Deflection of beams

by Russ Elliott

Acknowledgements: There are a number of standard works addressing the principles of beam deflection. A particularly good exposition, and on which the equations given here are based, is contained in Mechanics of Materials (Fourth SI edition), by J M Gere and S P Timoshenko, Stanley Thornes, ISBN 0 7487 3998 X. Reference should be made to this work for the derivation of the equations.

Contents Introduction
Application to model locomotive hornblocks
Choosing a deflection value
Moment of inertia, I
Key to deflection diagrams and symbols
Deflection equations and diagrams
Values of Young's Modulus
Notes on units and dimensions


The deflection of a spring beam depends on its length, its cross-sectional shape, the material, where the deflecting force is applied, and how the beam is supported.

The equations given here are for homogenous, linearly elastic materials, and where the rotations of a beam are small.

In the following examples, only loads applying at a single point or single points are considered – the application point of force F in the diagrams is intended to denote a model locomotive hornblock (or vehicle axlebox) able to move vertically in a hornguide, and acting against the force of the spring beam fixed to or carried by the locomotive or vehicle mainframes. The proportion of the total weight acting on each axle of a loco or vehicle will depend on the position of its centre of gravity in relation to the axle (or the chassis fixing points of equalising beams where these are used).

Application to model locomotive hornblocks

As can be seen from the equations, the thickness of the material (h or d) is very critical, and hence the incremental sizes in the range of guitar strings available make them very attractive for use as spring beams. There is also a considerable difference in the deflection of a beam, for a given force, depending on how it is supported and fixed and whether it is supported at one end only or at both ends.

It is suggested that design should be based on a given deflection of a hornblock, and then determine what length, thickness and style of beam is most suitable for the specific force intended to be supported by each axle.

For locos weighted to be between 4 and 6 grams per prototype ton, the masses to be supported by each individual locomotive hornblock are likely to fall within the range 30 to 60 grams (equating to a prototype loading of between 14 and 20 tons per axle).

Choosing a deflection value

For reasonable 4mm scale finescale track, a recommended value for hornblock deflection, δ, under the final load of a locomotive, is 0.5mm.

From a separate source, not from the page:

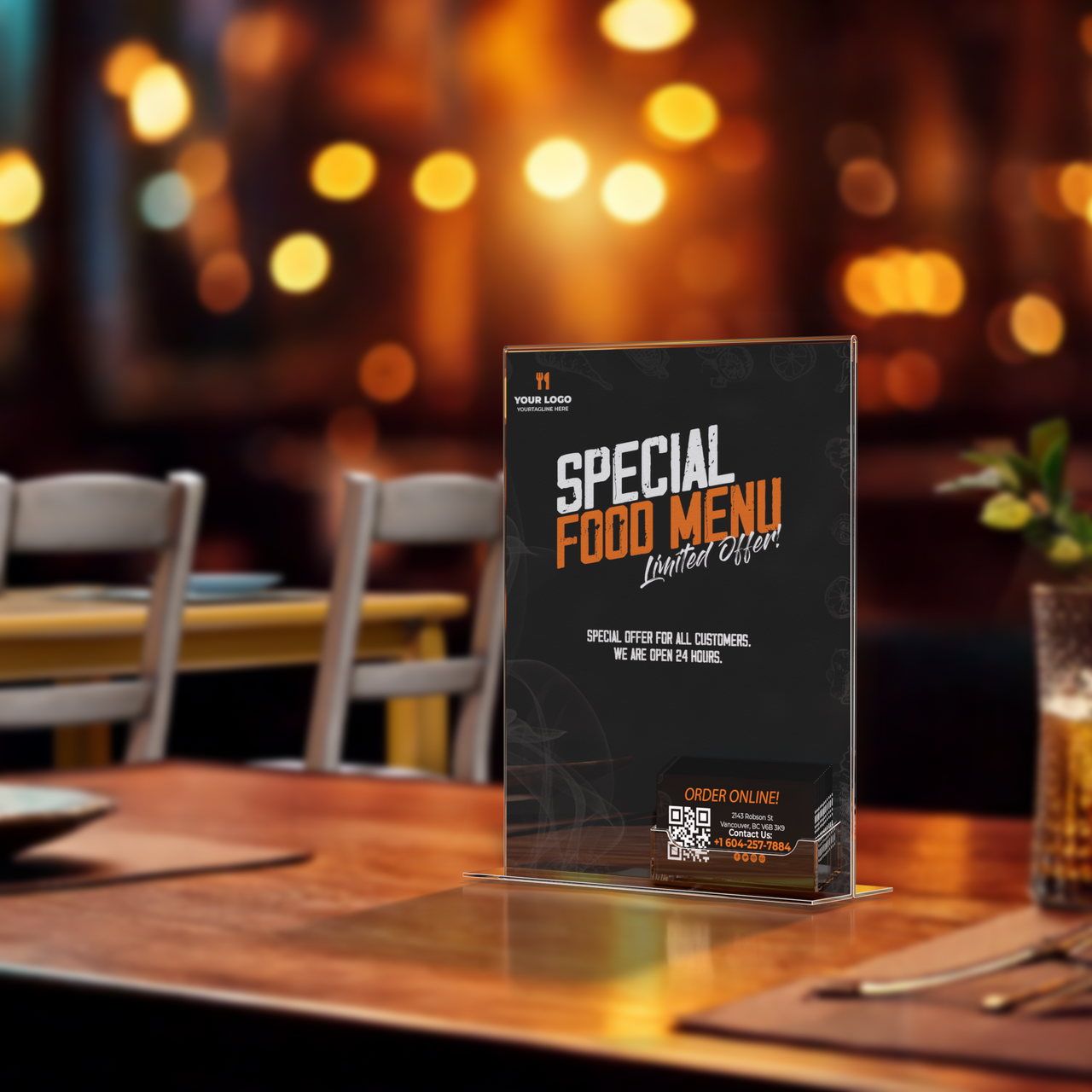 - Display on desks, tables, and counters in restaurants, bars, retail stores, trade show booths, hotels and other business locations

The above recommendation is known to be an oversimplistic and possibly incorrect assumption on what the design value for the deflection should be, and has given rise to considerable debate. Any experience on applying this recommendation to real chassis modelling practice is welcomed – the purpose of this article is a starter for discussion rather than a conclusion of it. Click here for an initial examination of the issues on this matter.

Moment of inertia, I

Moment of inertia for rectangular section

I = bh3 ∕ 12

where h is the dimension in the plane of bending, i.e. in the axis in which the bending moment is applied

Moment of inertia for round section

I = πr4 ∕ 4 = πd4 ∕ 64

where r and d are the radius and diameter respectively

All the equations given below contain I, the moment of inertia of a beam, which is a constant determined by the beam's cross-sectional shape and thickness. The moment of inertia is not related to the length or the beam material. Only rectangular and round solid sections are considered here.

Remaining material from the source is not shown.